Surely it will just half-wave rectify and you will still have the peak voltage present - 240*1.414=340V, not 170.
If you stick a capacitor after that what you get depends on the load and value.

Eh, no.
He was speaking of RMS voltage. The RMS voltage of half-wave rectified mains (which is 230V in UK) is 163V. Do the math, it checks out.

Ok, true enough but the peak is still 170  325-357V.

AC dropper caps only work when you only have AC currents in your circuit. This is not a trait of a half-wave rectifier.

Agree, but you put the cap before the rect - this seems normal in consumer electronics with transformerless supplies, obviously at less current than 6A though.

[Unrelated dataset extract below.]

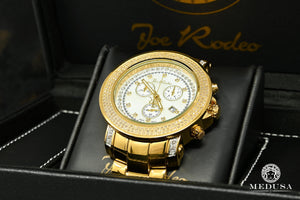 This Joe Rodeo watch is decorated with high-quality genuine diamonds and comes with a fully functional SWISS chronograph movement, a stainless steel case, and a numbered and individually engraved stainless steel back. Water-resistant up to 100m (330ft). This diamond watch is guaranteed 100% brand new and authentic and will be delivered in original manufacturer packaging with two additional bands and all original documents.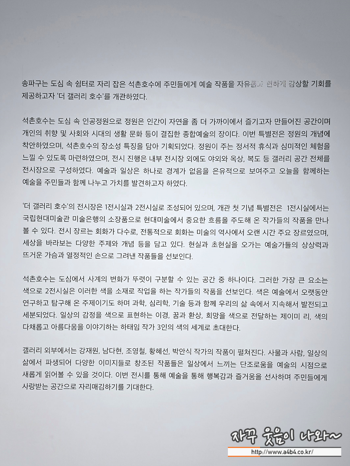 오늘은 수년간의 공사끝에 오픈한 잠실 석촌호수 동호에 위치한 잠실 더 갤러리 호수 개관전 관람후기 였습니다.

I don't think any one has suggested this was a good idea and it sounds like Simon has seen sense and found some mains fans to use.

[Dave]

He was speaking of RMS voltage. The RMS voltage of half-wave rectified mains (which is 230V in UK) is 163V. Do the math, it checks out.

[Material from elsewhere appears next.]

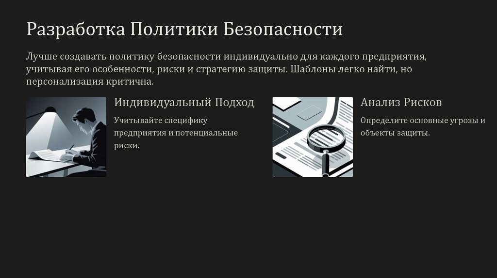 Разработка Политики БезопасностиЛучше создавать политику безопасности индивидуально для каждого предприятия,

Ok, true enough but the peak is still 170.

No, the peak is 325V.

Agree, but you put the cap before the rect - this seems normal in consumer electronics with transformerless supplies, obviously at less current than 6A though.

Before a bridge rectifier, yes. Before a half-wave rectifier, absolutely not.

[Simon]

Dave

No I don't have much experience with bodges, I tend to avoid them too hence as already stated a straight 240V option is under way. I just thought it worth thrashing out every concept.

The air will be fairly clean as they are drawing air through what amounts to a guard but yes that still does not account for variations in life span and i have reiterated continually that a 240V option is best. We don't really have room for a power supply anyway.

[grumpydoc]

Ok, true enough but the peak is still 170.

No, the peak is 325V.

Oops - typo; I did say 340 earlier (assuming 240V mains, in fact as mains can be 253V then the max peak would be 357V)

Agree, but you put the cap before the rect - this seems normal in consumer electronics with transformerless supplies, obviously at less current than 6A though.

Before a bridge rectifier, yes. Before a half-wave rectifier, absolutely not.

Again, that's what I suggested - seen a single diode in crappy low current consumer stuff though.